コストを抑え、グローバル展開が成功のファストリ

 まず注目しておきたいのはファストリとしまむらの利益率。冒頭で紹介した決算資料を見てみると、ファストリの粗利率は52%、営業利益率は13%ほどであり(いずれも2022年8月期通期)、「しまむら」は34%、8%となっている。西川氏はアパレル業界の平均的な利益率を参照しながら次のように語る。

「アパレル業界は、他の業界に比べ粗利率が高く、粗利率が50%近くになるので、商品そのものの収益性は高いです。しかし、販管費や値下げなどを考えると最終的に営業利益率は5%ほどに落ち着くので、最終的な利益はそれほど残らない経営をしているメーカーが多いのです。そう考えると、ファストリは高い利益率を叩き出していますし、『しまむら』も若干粗利率が低くなっているものの8%と高水準。どちらも高利益を出せるビジネスモデルを構築できていることがわかります」(西川氏)

 ファストリのビジネスモデル、利益のからくりはどうなっているのか。

「ファストリは一貫したSPA(製造小売業)とグローバル展開を進めることにより、高い利益率を出しています。企画、製造、物流、販売まで行うサプライチェーンであるSPAは、中間マージンが発生せず、効率的に高い収益を生むことが可能。とりわけ物流に関しては、海外に製造工場を展開しているものの、ファストリ独自の物流網で日本をはじめ全世界に輸送することができ、コストカットに成功しています。商品を仕分ける倉庫も優秀でして、特に有明にある自動倉庫は人件費削減、生産性向上につながるということで一時期話題になりました。

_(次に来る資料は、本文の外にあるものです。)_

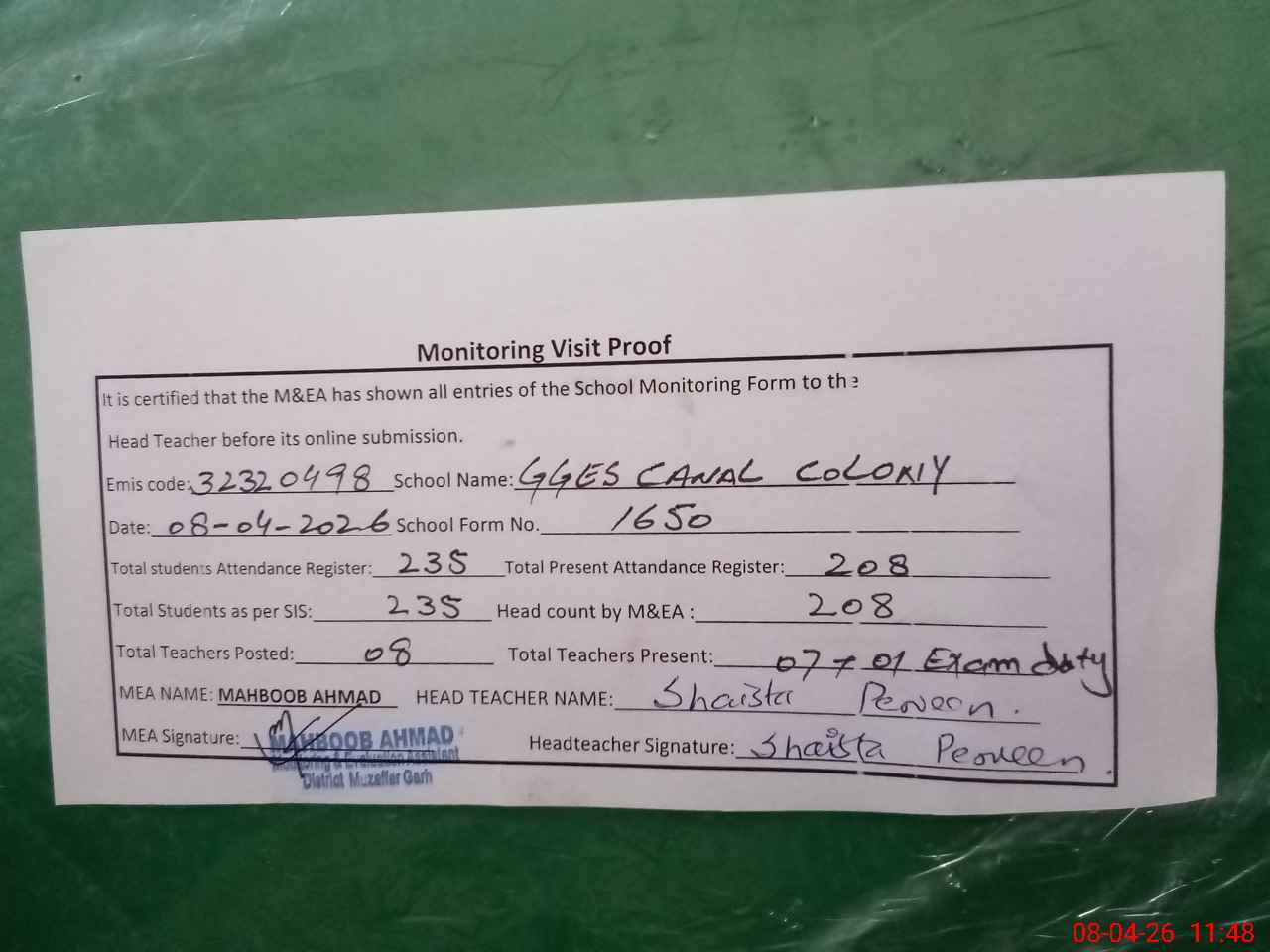 | EMIS Code: 32320498 | Name of School: GGES CANAL COLONY | |||

 また、海外の売上が伸びてきており、国内の売上と逆転しています。ファストリは海外進出に積極的でして、国内店舗数809店に対し、海外店舗数は1585店(23年4月20日現在)とその差は歴然。『ユニクロ』をはじめとして、ファストリの商品は機能性インナーや肌着、下着などといった生活に欠かせないものや、無地のTシャツ、ラフなパンツ、ニットとベーシックで無難なアイテムが多く、使い勝手がいい。いわばアパレル業界の宿命である流行にとらわれないラインナップにしていることが功を奏し、安定した収益を確保できているのでしょう」(同)

 また販売力の高さ、昇給制度の充実さによるファストリの生産性の高さにも注目すべきだという。

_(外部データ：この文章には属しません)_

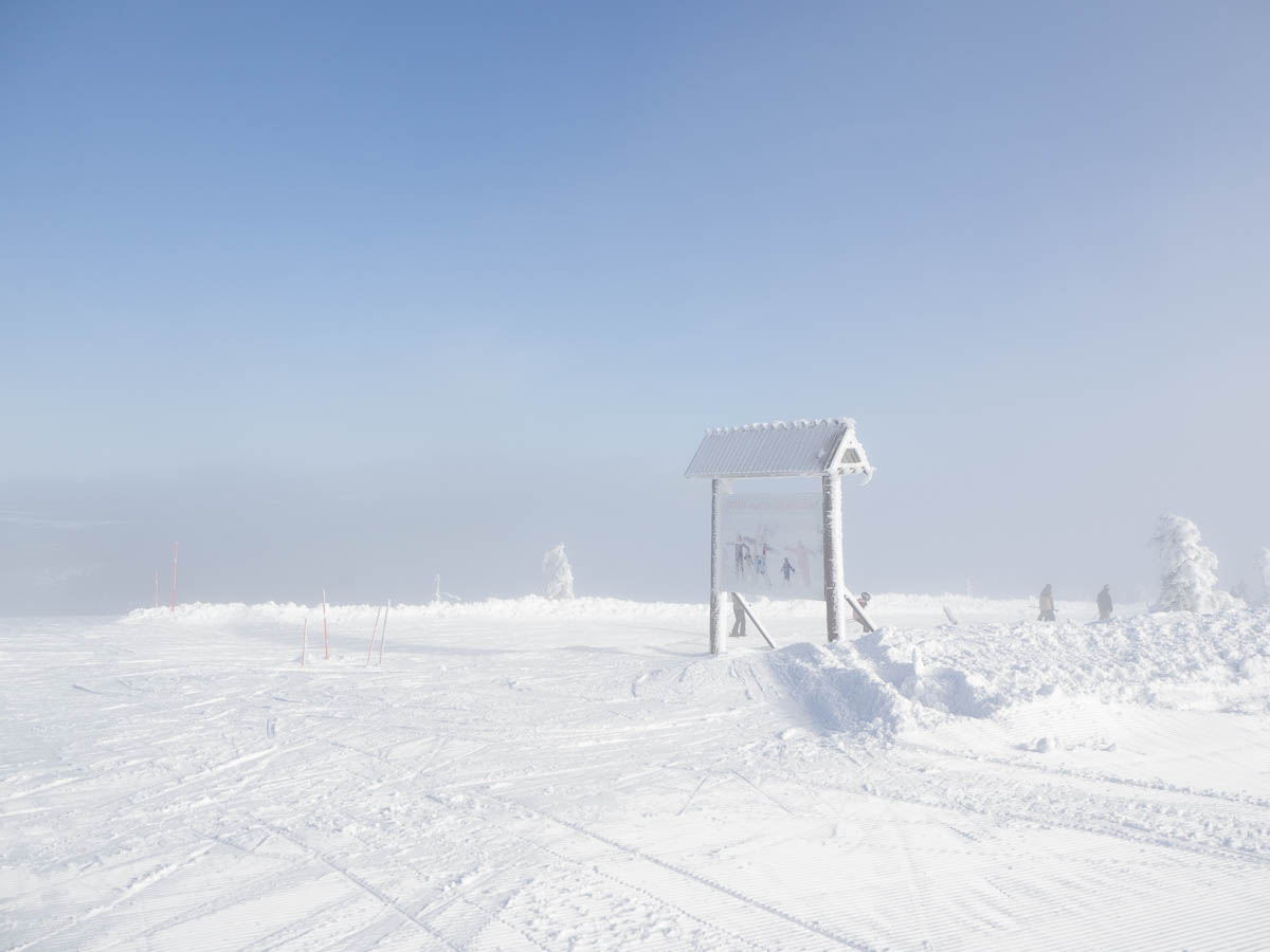 The weather was no better today than before. Still windy and with low clouds and lousy visibility at the top. Around lunchtime we got some sleet, and while that stopped for a while, it later came back as almost-rain.

「ファストリでは年功序列にこだわらず、優秀な人であればどんどんスキルアップできるキャリアプランが整備されています。能力主義に基づき、人事評価も正当に評価されやすく、若くして店長まで昇格することができるので、社員のモチベーションを高めやすいんです。今年1月にはファストリの新入社員の初任給を30万円まで上げるという報道があったように、キャリアアップを図ったり、自己を研鑽したりしたい人から見れば魅力的な職場に映ることでしょう。また新卒のみならず、中途採用にも積極的なので優秀な人材を集めやすい。こうしてマンパワーがほかの企業に比べ大きいことも生産性の高さにつながっているように思います」(同)

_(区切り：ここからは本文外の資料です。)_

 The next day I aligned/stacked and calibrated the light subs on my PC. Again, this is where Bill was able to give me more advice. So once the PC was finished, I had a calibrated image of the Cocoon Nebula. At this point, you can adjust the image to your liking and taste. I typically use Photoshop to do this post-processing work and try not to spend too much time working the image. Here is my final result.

「しまむら」が利益を高くできている理由は徹底した在庫管理にあり

 一方の「しまむら」だが、こちらはグローバル市場というよりも、国内市場を主軸に置くアパレル企業だ。粗利率が低めだが、なぜ高い利益率を出せているのか。

「『しまむら』では、ファストリのようなSPAモデルではなく、製造業者から商品を仕入れるタイプのビジネスモデルとなっています。そしてブランドイメージとして、ファッション性の高い衣服を低価格で販売するというスタンスなので、粗利率が低くなるのは当然です。しかも、アパレル業界はただでさえ流行に左右されやすい業界なので、在庫も抱えがち。ですが、しまむらは在庫コントローラーにより精度の高い需要予測が行え、店舗が抱えるべき在庫数を適切に管理できているので、値引き商品をほぼ発生させず在庫を売り切ることができています。

 また値引きするとしても、タイミングや割引率のコントロールも巧みです。値引きする際に社内の人間が各店舗のデータを比較・参照し、商品の売れ行きがどうなっているかを判断してから値引きするようにしています。値引きする額もまだ各店舗で売れ行きがよかったら1割、早く在庫処分したい場合は半額といった具合に、ほかの企業よりも厳密に設定している節がありますね」(同)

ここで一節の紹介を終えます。